Wednesday, October 12, 2005


Yesterday a weeknight dinner at home turned into an improvised musical serata.

Walking home, thinking about the artichokes I’d cleaned and left in the fridge in lemon juice and water, I had a great idea of what to do with them. I remembered reading a recipe from Chez Panisse in which shavings of raw artichoke hearts and fennel were tossed with olive oil, lemon, and garnished with shaved parmesan. The question was then – how to use that idea of combined flavors to make a more substantial main course. So I stopped off at the market and picked up a fennel bulb, chicken thighs, and a bottle of Nebbiolo (for drinking).
I halved the chicken thighs (3 enormous ones), salt and peppered, and browned them well in olive oil, skin side down first so that it got nicely crisped and cooked some of the fat out. The chicken doesn’t have to be cooked entirely through, but getting the outsides browned is important for the flavor. Removed the chicken to a plate and drained the excess fat from the pan, then added 6 chopped artichokes.
The artichokes were little ones, not quite babies, but on the small side. I’d stripped them of all the tough outer leaves, more or less removing all green; aggressively peeled and trimmed the bases and stems; then quartered them and removed the chokes. For this dish, I left the quartered blossoms intact and chopped the stems.
I let the artichokes sauté a minute on their own, then added the fennel, chopped coarsely, and a chopped onion. I sweated all these ingredients over a high flame until they were starting to brown, then lowered the heat to medium and nested the chicken in the vegetables, grabbed a lemon half that was sitting on the counter and squeezed it over the pan, added about a half cup of water, then generously poured some white wine we had in the fridge in as well. Covered the pan to let the flavors meld and to let everything finish cooking. Chopped fennel fronds and added them as an herb. I checked every few minutes to stir, control the amount of liquid, taste (it needed several doses of salt and wine, I thought, though at the end I felt perhaps I’d overdone the wine a tiny bit). Finally, I uncovered the pan when the artichokes were cooked and reduced the liquid in the pan to nil.
This was excellent!
Some possible variations: add black olives, use different liquids (squeezing in an orange would be interesting, though I’d do that without the artichokes I think – reminiscent of a fennel orange salad), use other meats like rabbit or duck or sausage or a combination, start the vegetables off with pancetta and use red wine…. The basic method isn’t anything special, but offers interesting possibilities for combining ingredients.
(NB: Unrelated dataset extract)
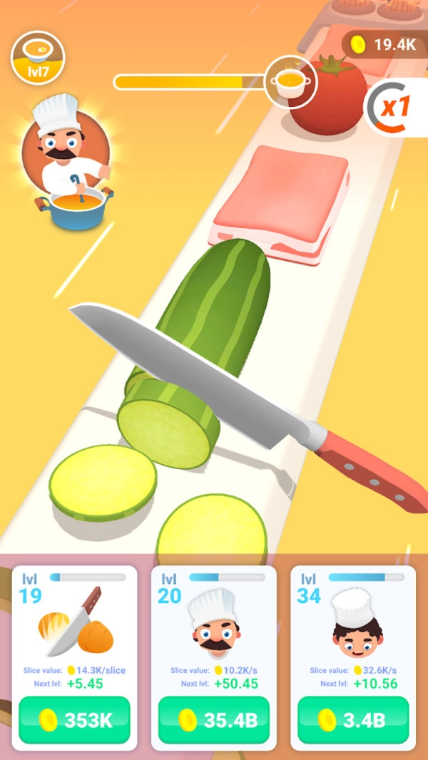 2.游戏音效极为逼真,游戏水平真实还原,菜刀越是锋利,切割的速度就越快;
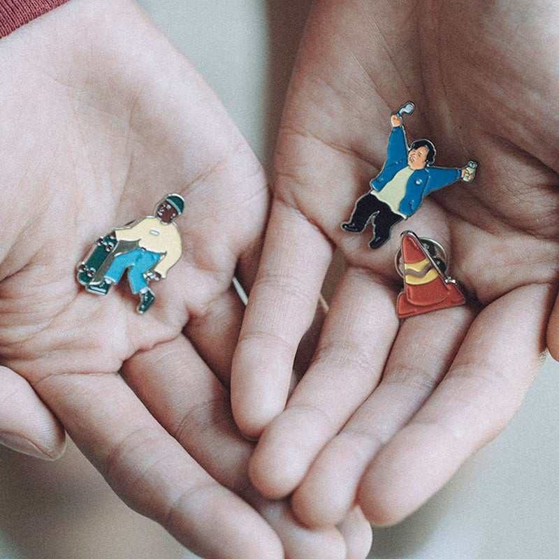 尼崎在住のイラストレーターTimが手掛けたSANTOWN (サンタウン)のOh! Pinsです。 3つ揃うととても面白い絵になります。

Marta and I sat and enjoyed this at a very leisurely pace, talking and laughing; when her sister and friend came back from what was supposed to be a trip to the movies, “Bolognesi deficienti!…cretini…maleducati…”. They couldn’t find the cinema and couldn’t get intelligible directions from anyone they met. They quieted down and polished off huge portions of the braised chicken and artichokes, finishing the remaining ¾ and wiping the pan clean with bread. Then they got giggly. Then Marta and I got giggly. Then Marta’s friend Stefano came and entertained us further.

Marta’s sister Giulia is studying piano at an important conservatory – conversation turned to music and after some convincing, Marta brought out the accordion to play for us. Then out came the bongos to accompany. Then another drum from a corner of my room. Then improvised percussion on pots and pans, tin cans and keys, spoons, sticks and CD covers. Needless to say, we made a tremendous racket in the kitchen until 11pm, when Marta wisely insisted we stop for the sake of neighbors. Instead of stopping, we took our new band to Piazza Maggiore, where you’ll often find kids or gypsies or drunken troupes of merry-makers on musical romps. The procession there, armed with our makeshift percussion section, was more fun than I’ve had playing music in ages. We marched through narrow streets and under porticoes, to encouraging cheers from the windows above or to clucks of disapproving little widows, stomping on metal plates in the sidewalk to punctuate our beats, banging on street signs, inciting spontaneous singing by passersby. We played briefly at Piazza Maggiore, then regrouped to march to another friend’s house where all the inhabitants are musicians. They have a keyboard and guitars and another kitchen full of potential instruments, which we incorporated, to the dismay of their neighbors. We played without intervention for an hour or so, until the lady across the street caught someone’s eye and we quieted down a minute to hear her. “You all are wonderful…” she began, and knowing that a “but” was coming we all interjected “OH! Grazie, signora!” and recommenced a afro-cuban jazz piece we were enjoying. But eventually she did get us to close the windows and mute the drums, promising free plates of tortellini to us if we stopped by the address she shouted out the window.

We finally, around 1:30 am, calmed down to listen to the resident and guest pianists play Ravel and Bach. They played musical chairs, trading off one person playing a movement of a piece, then another person the next. It’s marvelous to hear great musicians even if they’re messing around jamming on the Tetris themesong while I play a tin can with a spoon. Well worth the lost sleep.